Studio album by Odetta
- Released: 1960
- Recorded: Carnegie Hall
- Genre: Spirituals, Gospel, Christmas
- Length: 29:06
- Label: Vanguard

Odetta chronology
| Odetta at Carnegie Hall (1960) | Christmas Spirituals (1960) | Odetta and The Blues (1962) |

Alternative cover

= Christmas Spirituals =

Christmas Spirituals is the name of two albums recorded by the American folk singer Odetta. The first was released in 1960 on Vanguard Records.
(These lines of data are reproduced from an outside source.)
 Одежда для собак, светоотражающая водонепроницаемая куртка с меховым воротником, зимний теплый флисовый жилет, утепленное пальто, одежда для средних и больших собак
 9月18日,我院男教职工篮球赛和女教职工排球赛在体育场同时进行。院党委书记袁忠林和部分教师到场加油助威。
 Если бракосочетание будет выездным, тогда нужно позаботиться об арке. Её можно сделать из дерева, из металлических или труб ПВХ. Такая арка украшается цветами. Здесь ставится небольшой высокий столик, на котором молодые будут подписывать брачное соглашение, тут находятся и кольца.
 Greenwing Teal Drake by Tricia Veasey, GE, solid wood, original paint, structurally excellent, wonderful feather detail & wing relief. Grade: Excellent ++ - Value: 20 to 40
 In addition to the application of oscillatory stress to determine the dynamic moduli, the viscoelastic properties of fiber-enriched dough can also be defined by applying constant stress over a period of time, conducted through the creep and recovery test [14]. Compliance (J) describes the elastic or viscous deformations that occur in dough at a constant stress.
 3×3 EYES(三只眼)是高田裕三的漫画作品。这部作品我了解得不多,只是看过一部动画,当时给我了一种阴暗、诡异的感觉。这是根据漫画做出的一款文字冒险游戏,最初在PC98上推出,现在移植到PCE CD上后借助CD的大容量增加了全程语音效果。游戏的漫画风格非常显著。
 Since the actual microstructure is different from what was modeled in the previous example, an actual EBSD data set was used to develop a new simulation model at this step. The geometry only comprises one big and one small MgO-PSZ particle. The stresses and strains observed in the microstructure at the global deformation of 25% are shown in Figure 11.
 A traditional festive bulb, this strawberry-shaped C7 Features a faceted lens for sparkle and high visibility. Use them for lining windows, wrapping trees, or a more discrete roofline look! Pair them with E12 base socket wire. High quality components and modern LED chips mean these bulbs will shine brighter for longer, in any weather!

The second, a new recording of mostly the same songs, produced by Rachel Faro at White Crowe Audio in Burlington, Vermont, was originally released in 1987 on Alcazar Records and was reissued digitally in 2007 on Ashé Records. Both albums have Bill Lee, Spike Lee's father on double bass. The cover of the second Christmas Spirituals album, by the artist Coleen Patterson, depicts a Black Madonna by the River Jordan with the Three Kings in attendance. Odetta said that these songs were traditional spirituals that emerged from the sufferings of slavery as a catharsis for the terrible wrongs that were committed.

Professional ratings
Review scores
| Source | Rating |
| Allmusic | Star Half star |

==1960 track listing==
1. "Virgin Mary Had One Son" – 2:44
2. "Somebody's Talking About Jesus" – 2:49
3. "Ain't That A-Rocking" – 2:04
4. "Mary Had A Baby" – 1:47
5. "Go Tell It On The Mountain" – 2:07
6. "Beautiful Star" – 2:42
7. "Poor Little Jesus" – 2:23
8. "Shout For Joy" – 1:42
9. "Oh, Jerusalem" – 1:27
10. "Rise Up Shepherd And Follow" – 1:49
11. "If Anybody Asks You" – 2:35
12. "What Month Was Jesus Born In?" – 2:04
13. "Children, Go Where I Send Thee" – 6:59

==1987 track listing==
All songs traditional unless otherwise noted.
1. "Rise up, Shepherd, and Follow" – 1:45
2. "What Month Was Jesus Born In?" – 2:25
3. "Mary Had a Baby" – 1:52
4. "Somebody Talking 'Bout Jesus" – 2:05
5. "Virgin Mary Had One Son" – 3:08
6. "Go Tell It on the Mountain" – 2:01
7. "Shout for Joy" – 2:31
8. "Poor Little Jesus" – 1:56
9. "O Jerusalem" (with new lyrics by Rachel Faro) – 2:51
10. "Ain't That A-Rockin'" – 3:20
11. "If Anybody Asks You" (Odetta Gordon) – 2:00
12. "Beautiful Star" (Gordon) – 2:54
13. "Children Go Where I Send Thee" – 2:45

==Personnel==
- Odetta – vocals, guitar
- Bill Lee – double bass
- Lincoln Goines * – bass guitar
- Jeff Salisbury * – percussion, drums
- Carol Steele * – percussion
- Helge Sasse * – executive producer

(* denotes 1987 personnel)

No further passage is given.